During a ceremony held in the museum’s east building, Hiroshima Mayor Kazumi Matsui made a speech and said, “The museum will now be able to play a bigger and more important role in helping the people of Hiroshima realize their wish to create a more peaceful nuclear-free world as a common value of a civil society.” He then snipped the opening tape with Takuo Takigawa, the museum director.

The newly renovated main building opened at 8:30 a.m. Children, students, and families could be seen gazing intently at the exhibits with some wiping away tears after being moved by the exhibits which convey the suffering experienced by the A-bomb victims and the deep sorrow and grief felt by parents who lost their children to the atomic bomb.

The exhibition space in the main building is grouped into four sections that include “Devastation on August 6,” a section in which visitors are able to imagine the catastrophic conditions in the city after the bombing, and “Cries of the Soul,” which makes use of photos of A-bomb victims and their personal possessions to help visitors grasp the pain and suffering experienced by the victims and their bereaved family members. In all, the main building is displaying 538 artifacts, photos, and A-bomb drawings created by survivors, including 305 authentic artifacts (six of which are replicas of original items).

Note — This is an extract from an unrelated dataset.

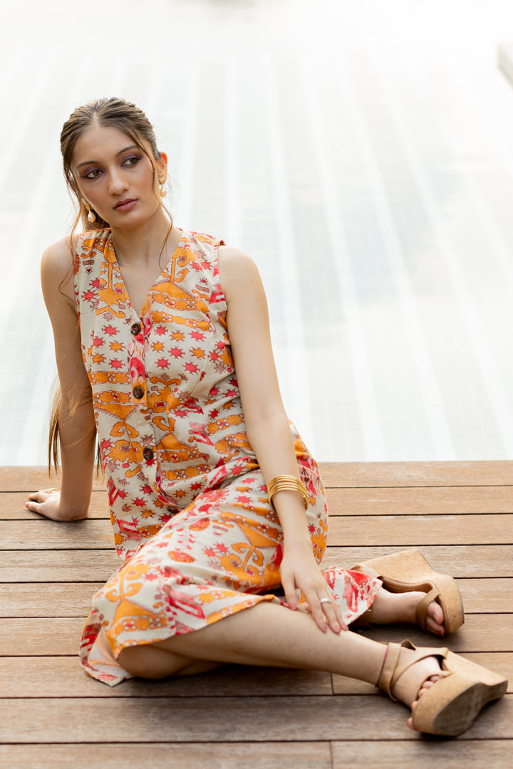 A timeless piece that effortlessly combines the grace of a midi length with the chic appeal of an entire button-front design. This dress, in a serene ivory hue, is adorned with delicate prints, creating an ensemble that exudes sophistication and beauty.

Because the A-bomb survivors are growing old, and it is becoming more and more challenging to pass on their experiences of the atomic bombing, the renovated museum presents exhibits that can appeal to the senses of visitors and convey the devastation caused by the atomic bomb and the inhumane nature of nuclear weapons. As a result of these renovations to the museum, visitors will be better able to understand the “Reality of the Atomic Bombing” in the main building and learn about the “Dangers of Nuclear Weapons” as well as “Hiroshima History,” featuring the reconstruction of the war-torn city and its current peace activities, in the east building.


Hiroshima Peace Memorial Museum
The museum’s main building opened in 1955 and the east building opened in 1994. In March 2014, the City of Hiroshima began full-scale renovations of the main building, an important national cultural property, in order to make it earthquake resistant and have the museum as a whole be able to convey the devastation caused by the atomic bombing and the inhumane nature of nuclear weapons in a way that would be easier to grasp. The east building was closed in September of that year to renovate the exhibition space and subsequently reopened in April 2017. At the same time, the main building was closed for interior renovations and earthquake resistance work. The work to fortify the main building against earthquakes is scheduled to be completed by the end of fiscal 2019. The entire project is expected to cost 7 billion 35 million yen. In fiscal 2018, the number of visitors to the Peace Memorial Museum totaled 1,522,453. Of this total, there were 434,838 international visitors, marking an all-time high. The number of international visitors has been increasing, year by year, over the past six years.